The output turned into an enormous, noisy dataset—over four million characters long. It included thousands of “findings,” but the signal-to-noise ratio was terrible. Semgrep flagged:

Every usage of memcpy that depended on a variable size (even if validated 5 lines up).
Generic “integer overflow potential” warnings on almost every arithmetic operation.
Style-based warnings about unsafe functions that are standard in driver development.

The “AI Triage” Attempt (Claude 4.1 Opus)

Faced with thousands of leads, manually reviewing each one was unfeasible. We decided to use a powerful LLM to act as a “Tier 1 Analyst” to filter the noise.

We utilized Claude 4.1 Opus to process the Semgrep JSON output. The prompt instructed the model to:

Read the Semgrep finding.
Check Reachability: Determine if the flagged code was accessible from Guest-controlled vectors (I/O ports, VRAM, MMIO).
Validate: Check if sanitization logic existed in the surrounding code.
Classify: Mark findings as “unreachable,” “sanitized,” or “vulnerable.”

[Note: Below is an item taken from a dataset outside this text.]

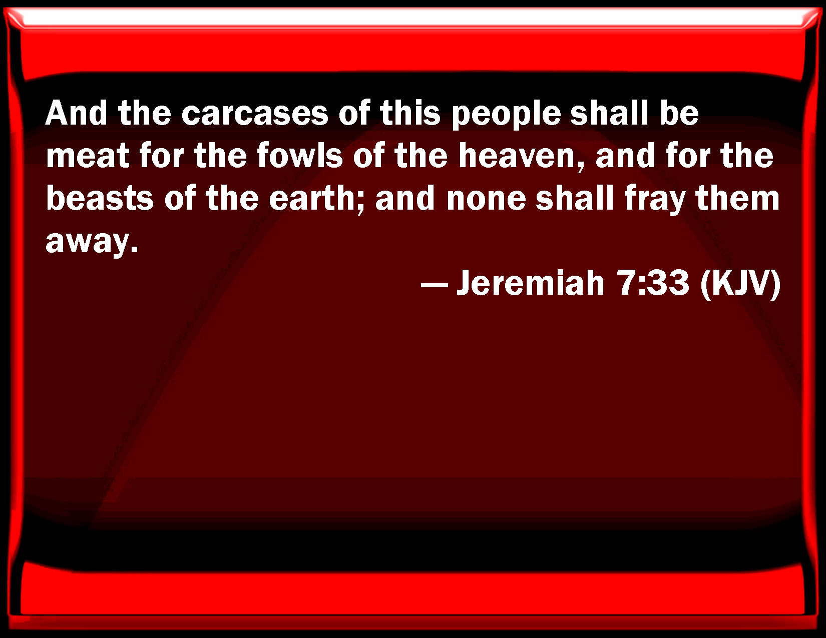 Bible Verse Slide Jeremiah 7:33 And the carcasses of this people shall be meat for the fowls of the heaven, and for the beasts of the earth; and none shall fray them away. KJV: And the carcases of this people shall be meat for the fowls of the heaven, and for the beasts of the earth; and none shall fray them away. DRB: And the carcasses of this people shall be meat for the fowls of the air, and for the beasts of the earth, and there shall be none to drive them away. DBT: And the carcases of this people shall be food for the fowl of the heavens, and for the beasts of the earth; and none shall scare them away. ERV: And the carcases of this people shall be meat for the fowls of the heaven, and for the beasts of the earth; and none shall fray them away. WBT: And the carcasses of this people shall be food for the fowls of heaven, and for the beasts of the earth; and none shall frighten them away. WEB: The dead bodies of this people shall be food for the birds of the sky, and for the animals of the earth; and none shall frighten them away. YLT: And the carcase of this people hath been for food To a fowl of the heavens, and to a beast of the earth, And there is none troubling.Links Jeremiah 7:33 NIV • Jeremiah 7:33 NLT • Jeremiah 7:33 ESV • Jeremiah 7:33 NASB • Jeremiah 7:33 KJV • Jeremiah 7:33 Interlinear • Jeremiah 7:33 Commentaries • Jeremiah 7:33 Parallel Texts • Jeremiah 7:33 Bible Apps • Jeremiah 7:33 Parallel • Bible Hub |

The Failure of Context-Free Triage

Despite the sophisticated prompt, this workflow failed to uncover any critical bugs. We churned through hundreds of findings, only to end up with a folder full of irrelevant lead files:

Why did it fail?

Missing Context: The AI was analyzing individual code snippets provided by Semgrep or looking at functions in isolation. It couldn’t see the state of the device. For example, it would flag a missing check in a helper function, not realizing that the caller (three layers up the stack) had already sanitized the input.
False Confidence: The model was excellent at explaining why a specific Semgrep rule matched, but poor at judging exploitability. It frequently hallucinated that “input validation is missing” because it couldn’t see the validation logic in the header files or the main command dispatcher.
The “Linter” Trap: By feeding the AI Semgrep output, we biased it to think like a Linter. It focused on syntax patterns (like “using strcpy is bad”) rather than logic patterns (like “this integer wrap-around bypasses the bounds check”).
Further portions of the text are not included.